Mais pour m’ouvrir. M’éclairer. M’étonner.
Connaître Dieu — si c’est un verbe vivant, pas un dogme sec —
ça pourrait être ça :
être vu, compris, gardé… sans être réduit.
Peut-être que là aussi, quelque chose tiendrait.
Pas au lieu de la connaissance de soi.
Mais pour qu’elle respire.
Que veut dire “connaître Dieu” ?
Dans le protestantisme réformé, notamment chez Calvin, connaître Dieu n’est ni une affaire mystique abstraite, ni une accumulation de savoirs religieux.
C’est une relation vivante, fondée sur la foi, la révélation, et l’engagement de tout l’être.
Calvin le dit clairement dans l’Institution de la religion chrétienne (I,1,1) :
« Toute la sagesse que nous pouvons avoir, en tant qu’êtres humains, consiste en deux choses : connaître Dieu, et nous connaître nous-mêmes. »
Mais attention : pour lui, les deux connaissances sont liées, mais pas symétriques.
C’est la connaissance de Dieu qui permet la vraie connaissance de soi — pas l’inverse.
Connaître Dieu, c’est :
Reconnaître sa source → je ne me suis pas donné la vie à moi-même.

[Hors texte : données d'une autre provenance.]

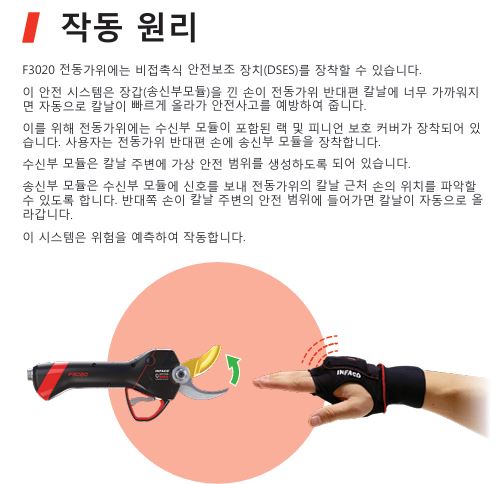 비접촉 안전시스템을 제대로 사용하기 위해서는 송신부의 장착 및 전원부 LED를 볼 수 있는 전용 장갑을 사용하시기를 추천 드립니다.

Recevoir une Parole qui me précède → ce que je suis m’est aussi révélé.
S’orienter dans l’existence → non plus à partir de mes repères uniquement, mais à partir d’une relation de confiance.
Entrer dans une fidélité, pas dans une fusion → Dieu ne me dissout pas, il me garde.
Découvrir sa propre valeur non par mérite, mais par grâce → ce que je vaux, je ne l’invente pas, je le reçois.
En tension avec “se connaître soi-même” :
Se connaître soi-même, c’est creuser en soi.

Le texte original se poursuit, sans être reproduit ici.